You ain't lyin'! :celebrate:
I believe Skyrim will have a much greater replay value than Oblivion and previous TES games, for the following reasons:
- 280 perks, out of which you can select only 50-70
- Perks allow for greater specialization of non-magic using characters (for the first time personally I am interested in playing a pure warrior or pure stealth character)
- Radiant Story Quests
- Infinitely respawning dragons
- greater complexity in NPC relationships
- more potential for ambitious mods with Creation Kit
- possibly a more dynamic main quest, considering the backdrop of the civil war and the player's involvement with either the Rebel or Empire factions
Accordingly, I estimate 5 - 10 playthroughs of 400+ hours each, spread out over a period of several years.

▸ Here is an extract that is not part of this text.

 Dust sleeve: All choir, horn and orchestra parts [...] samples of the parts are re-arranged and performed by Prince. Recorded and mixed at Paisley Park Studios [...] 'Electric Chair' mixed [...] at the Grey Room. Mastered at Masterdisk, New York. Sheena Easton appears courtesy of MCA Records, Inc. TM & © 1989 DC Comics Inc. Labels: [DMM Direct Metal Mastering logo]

This is a much greater replay value than my experience with Oblivion and Morrowind
He also said there were around 130 dungeons with 50% being small dungeons and some being 'epic' 1-2 hour dungeons. No word on what percent are 'epic' and what percentage are medium. If I speculate 50% will take 15 minutes each(this is a confirmed by Todd estimate), 40% will be medium sized and take 30 minutes each and 10% will be large and average 1.5 hours each that is 61.75 hours of dungeon crawling glory.
Add these numbers up and it's 96.75 hours and we haven't even dealt with random dragon encounters, guild side quests, non guild NPC quests, random exploration, using the various abilities in the game such as cooking, getting lost looking at the 3D objects in our inventory (some are said to contain clues to quests) and on and on.

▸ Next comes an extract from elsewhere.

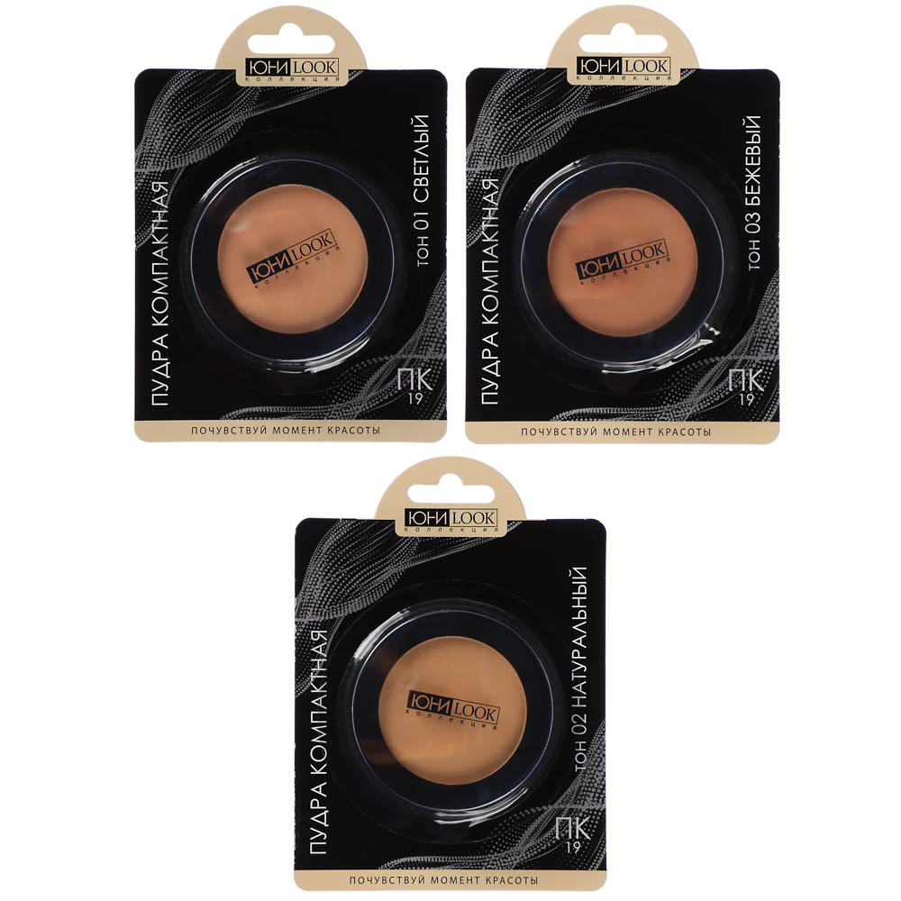 ЮНИLOOK Пудра компактная, 9,2 г, 3 тона, ПК-19

If the hardest difficulty setting is anything remotely like playing Oblivion at around 75% on the slider with FCOM and Duke Patricks installed, then I expect to be dying frequently and even those smaller "15 minute" dungeons will take hours to complete. The bigger dungeons, much longer than 2 hours.
With these mods installed, when I play Oblivion, I die at almost every combat encounter. You can one-shot enemies with your bow, but they can also one-shot you, so you have to approach enemy archers very carefully, hiding behind trees, rocks, etc. It's taken me hundreds of hours since December just to get up to level 7. Since it seems that Duke Patricks Combat Archery was the inspiration for the improved Archery in Skyrim, this looks promising.